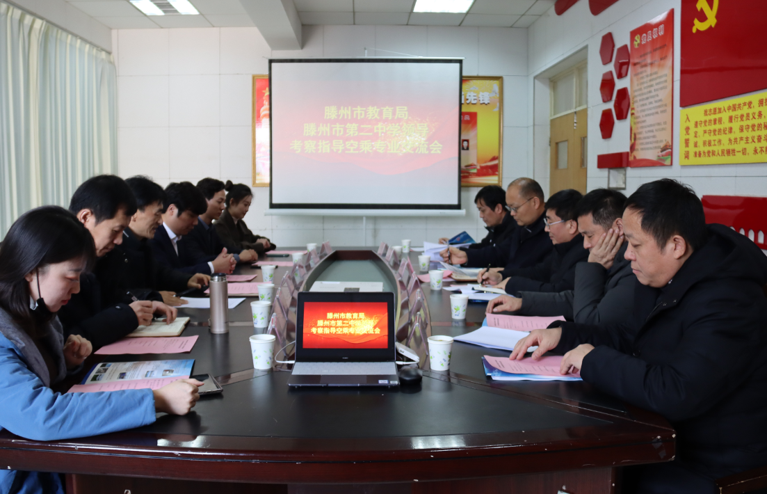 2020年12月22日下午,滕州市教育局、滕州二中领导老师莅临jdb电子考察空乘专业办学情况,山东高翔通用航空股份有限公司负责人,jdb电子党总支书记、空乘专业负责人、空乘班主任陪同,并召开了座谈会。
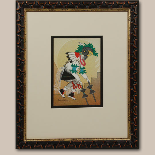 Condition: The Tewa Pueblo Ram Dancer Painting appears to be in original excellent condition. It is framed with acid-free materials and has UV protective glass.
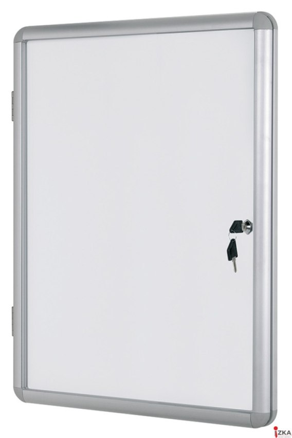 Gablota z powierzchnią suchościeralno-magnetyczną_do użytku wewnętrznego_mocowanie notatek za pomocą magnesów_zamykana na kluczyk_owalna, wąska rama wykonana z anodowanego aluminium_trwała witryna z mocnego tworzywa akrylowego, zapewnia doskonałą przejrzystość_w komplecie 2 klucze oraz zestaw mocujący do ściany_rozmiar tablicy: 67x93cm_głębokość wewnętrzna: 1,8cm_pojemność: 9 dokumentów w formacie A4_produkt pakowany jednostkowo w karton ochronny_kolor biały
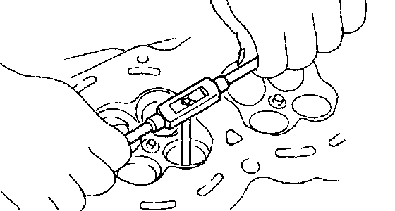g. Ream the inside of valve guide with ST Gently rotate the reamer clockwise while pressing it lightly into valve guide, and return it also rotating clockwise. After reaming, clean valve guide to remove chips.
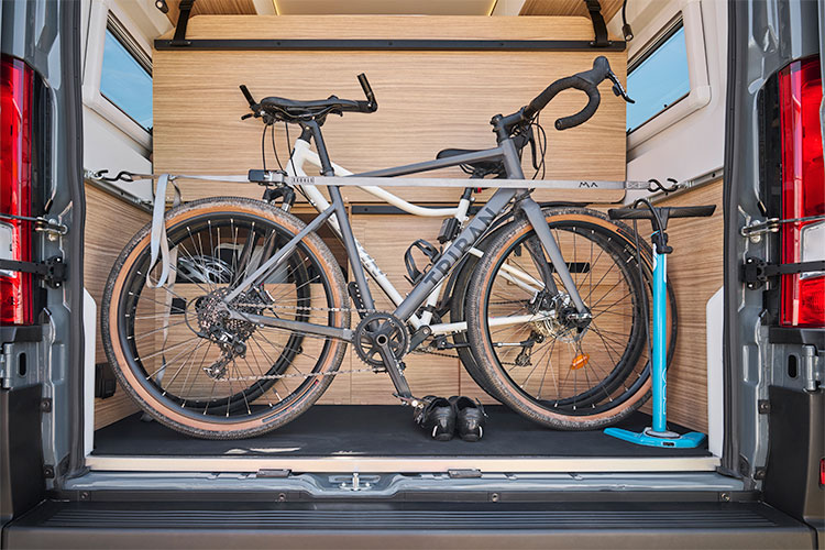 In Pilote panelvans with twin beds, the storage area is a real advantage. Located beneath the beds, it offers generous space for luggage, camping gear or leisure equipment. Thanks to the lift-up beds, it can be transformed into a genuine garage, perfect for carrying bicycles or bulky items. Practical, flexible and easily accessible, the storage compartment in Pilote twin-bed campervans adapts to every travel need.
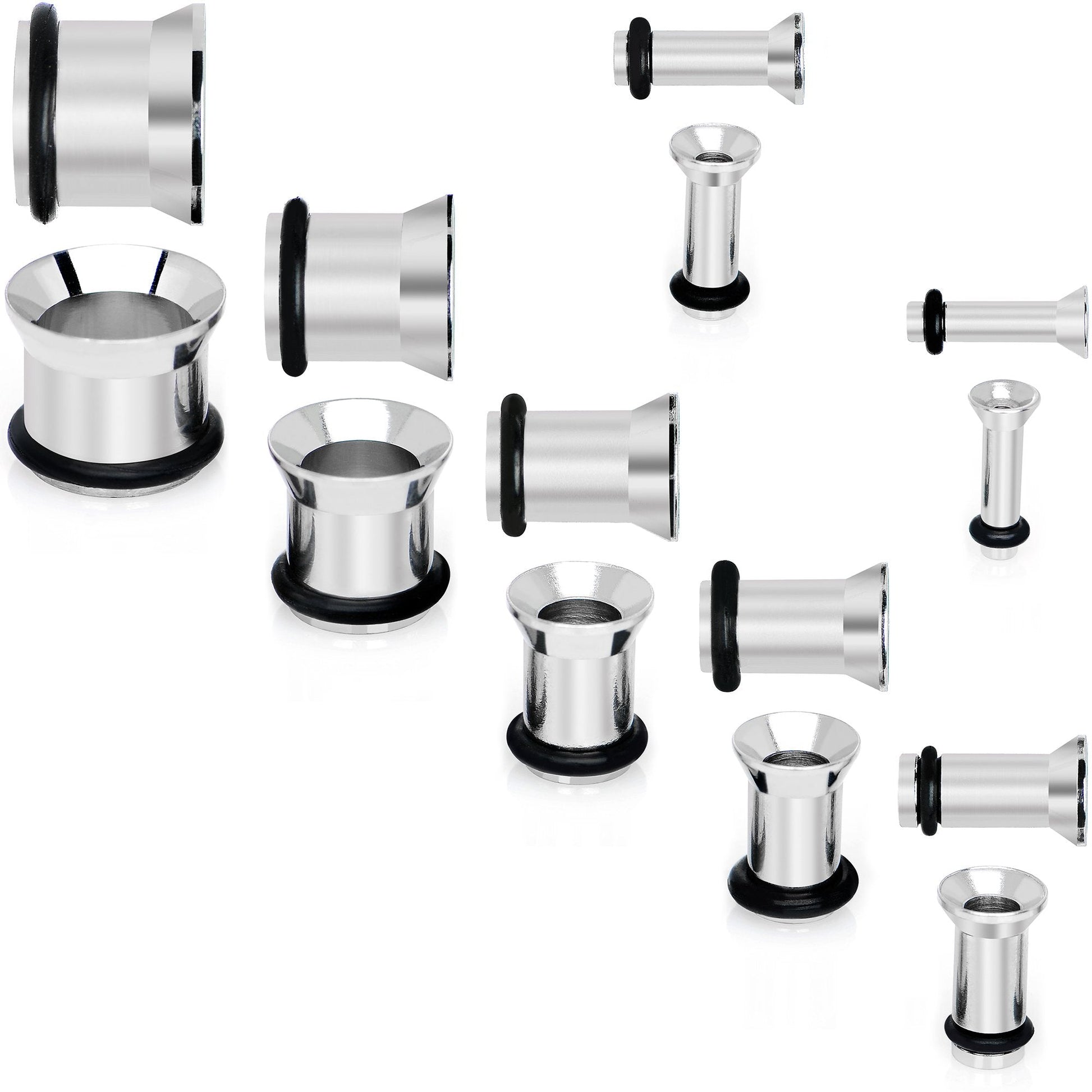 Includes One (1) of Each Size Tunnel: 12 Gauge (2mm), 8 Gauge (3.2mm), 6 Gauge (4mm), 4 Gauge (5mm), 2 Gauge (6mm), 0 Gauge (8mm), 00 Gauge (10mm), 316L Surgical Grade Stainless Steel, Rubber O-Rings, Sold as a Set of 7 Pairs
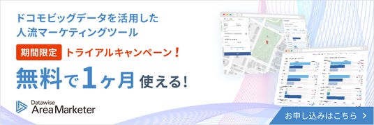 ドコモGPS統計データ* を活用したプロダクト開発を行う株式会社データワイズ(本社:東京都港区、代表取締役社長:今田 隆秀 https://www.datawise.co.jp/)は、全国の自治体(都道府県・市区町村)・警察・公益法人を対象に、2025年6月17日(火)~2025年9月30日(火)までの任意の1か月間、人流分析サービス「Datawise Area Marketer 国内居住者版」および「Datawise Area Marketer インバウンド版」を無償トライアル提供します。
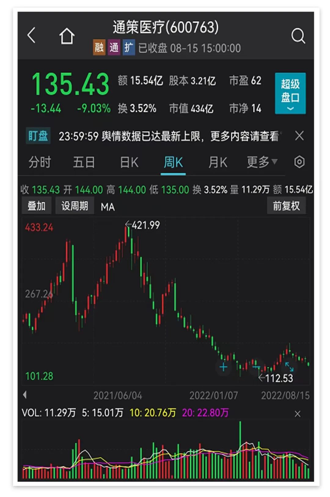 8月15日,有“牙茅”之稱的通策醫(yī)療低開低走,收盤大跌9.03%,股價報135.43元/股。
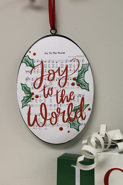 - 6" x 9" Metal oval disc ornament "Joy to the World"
· · · ·
- _Directions for this task_:
Everything in the data must be printed verbatim except the pictures.

- _Answer box_:
 2020年12月22日下午,滕州市教育局、滕州二中领导老师莅临jdb电子考察空乘专业办学情况,山东高翔通用航空股份有限公司负责人,jdb电子党总支书记、空乘专业负责人、空乘班主任陪同,并召开了座谈会。
 Condition: The Tewa Pueblo Ram Dancer Painting appears to be in original excellent condition. It is framed with acid-free materials and has UV protective glass.
 Gablota z powierzchnią suchościeralno-magnetyczną_do użytku wewnętrznego_mocowanie notatek za pomocą magnesów_zamykana na kluczyk_owalna, wąska rama wykonana z anodowanego aluminium_trwała witryna z mocnego tworzywa akrylowego, zapewnia doskonałą przejrzystość_w komplecie 2 klucze oraz zestaw mocujący do ściany_rozmiar tablicy: 67x93cm_głębokość wewnętrzna: 1,8cm_pojemność: 9 dokumentów w formacie A4_produkt pakowany jednostkowo w karton ochronny_kolor biały
g. Ream the inside of valve guide with ST Gently rotate the reamer clockwise while pressing it lightly into valve guide, and return it also rotating clockwise. After reaming, clean valve guide to remove chips.
 In Pilote panelvans with twin beds, the storage area is a real advantage. Located beneath the beds, it offers generous space for luggage, camping gear or leisure equipment. Thanks to the lift-up beds, it can be transformed into a genuine garage, perfect for carrying bicycles or bulky items. Practical, flexible and easily accessible, the storage compartment in Pilote twin-bed campervans adapts to every travel need.
 Includes One (1) of Each Size Tunnel: 12 Gauge (2mm), 8 Gauge (3.2mm), 6 Gauge (4mm), 4 Gauge (5mm), 2 Gauge (6mm), 0 Gauge (8mm), 00 Gauge (10mm), 316L Surgical Grade Stainless Steel, Rubber O-Rings, Sold as a Set of 7 Pairs
 ドコモGPS統計データ* を活用したプロダクト開発を行う株式会社データワイズ(本社:東京都港区、代表取締役社長:今田 隆秀 https://www.datawise.co.jp/)は、全国の自治体(都道府県・市区町村)・警察・公益法人を対象に、2025年6月17日(火)~2025年9月30日(火)までの任意の1か月間、人流分析サービス「Datawise Area Marketer 国内居住者版」および「Datawise Area Marketer インバウンド版」を無償トライアル提供します。
 8月15日,有“牙茅”之稱的通策醫(yī)療低開低走,收盤大跌9.03%,股價報135.43元/股。
 - 6" x 9" Metal oval disc ornament "Joy to the World"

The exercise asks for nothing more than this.